**AVAILABLE DATA**
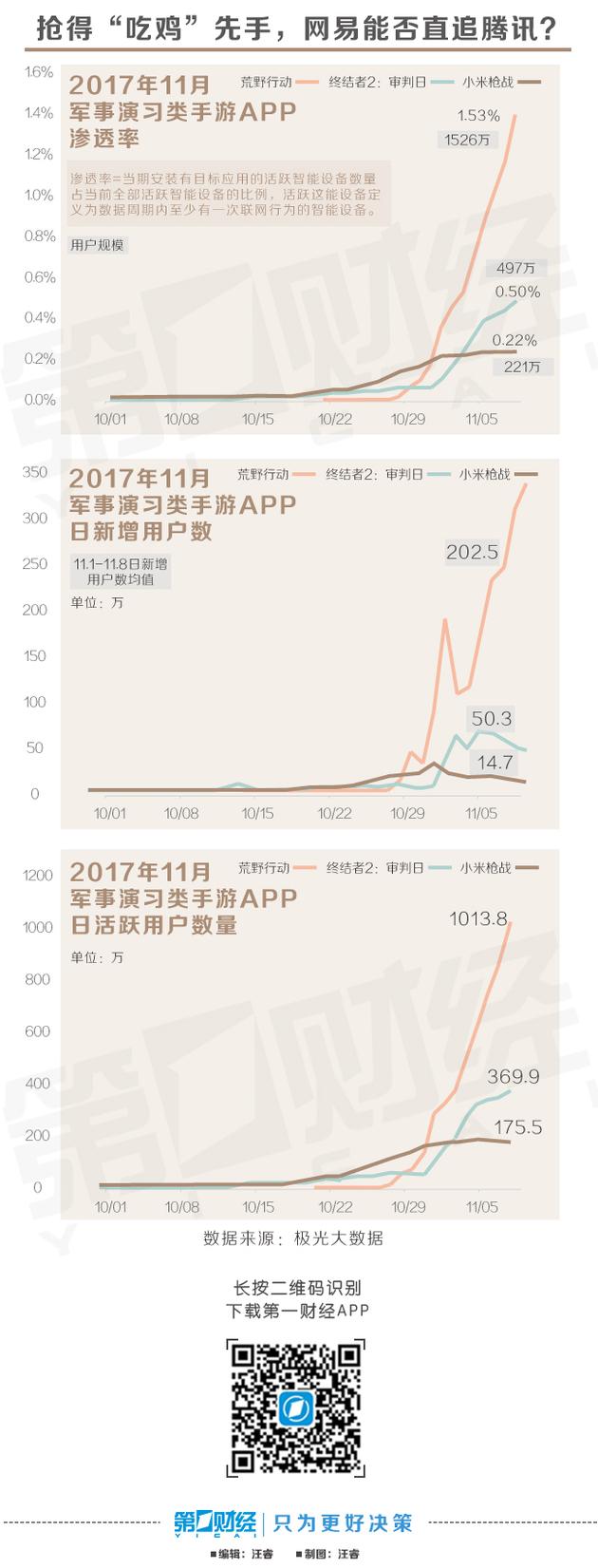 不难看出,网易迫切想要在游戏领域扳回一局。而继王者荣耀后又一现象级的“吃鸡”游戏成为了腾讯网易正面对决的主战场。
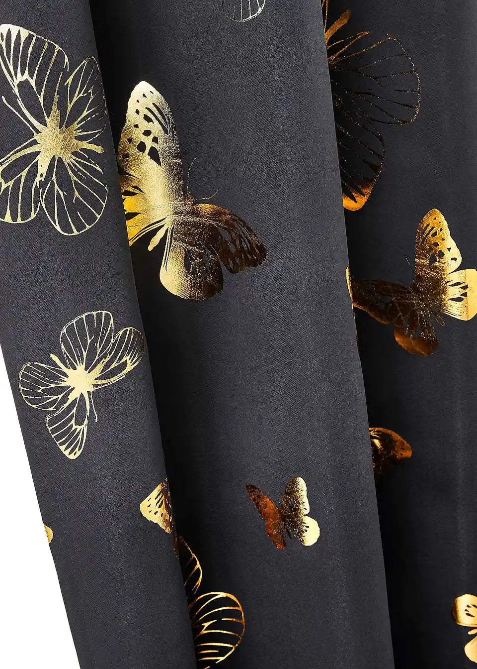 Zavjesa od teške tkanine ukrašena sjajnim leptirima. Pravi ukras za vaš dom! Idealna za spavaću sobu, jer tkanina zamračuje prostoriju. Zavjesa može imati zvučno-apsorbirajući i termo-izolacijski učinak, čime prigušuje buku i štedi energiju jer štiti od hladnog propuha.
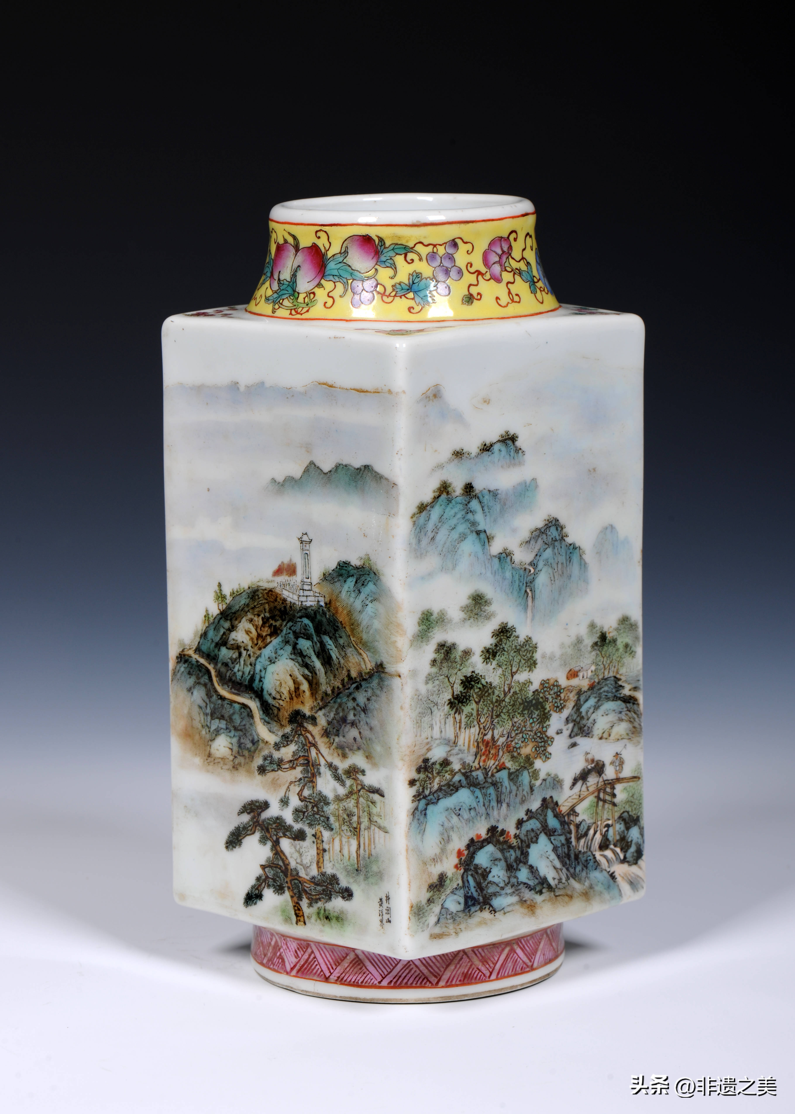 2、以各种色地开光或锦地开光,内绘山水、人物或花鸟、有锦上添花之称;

**EXERCISE GOAL**
Without including any images, output the data exactly as given.

**RESULT**
 不难看出,网易迫切想要在游戏领域扳回一局。而继王者荣耀后又一现象级的“吃鸡”游戏成为了腾讯网易正面对决的主战场。
 Zavjesa od teške tkanine ukrašena sjajnim leptirima. Pravi ukras za vaš dom! Idealna za spavaću sobu, jer tkanina zamračuje prostoriju. Zavjesa može imati zvučno-apsorbirajući i termo-izolacijski učinak, čime prigušuje buku i štedi energiju jer štiti od hladnog propuha.
 2、以各种色地开光或锦地开光,内绘山水、人物或花鸟、有锦上添花之称;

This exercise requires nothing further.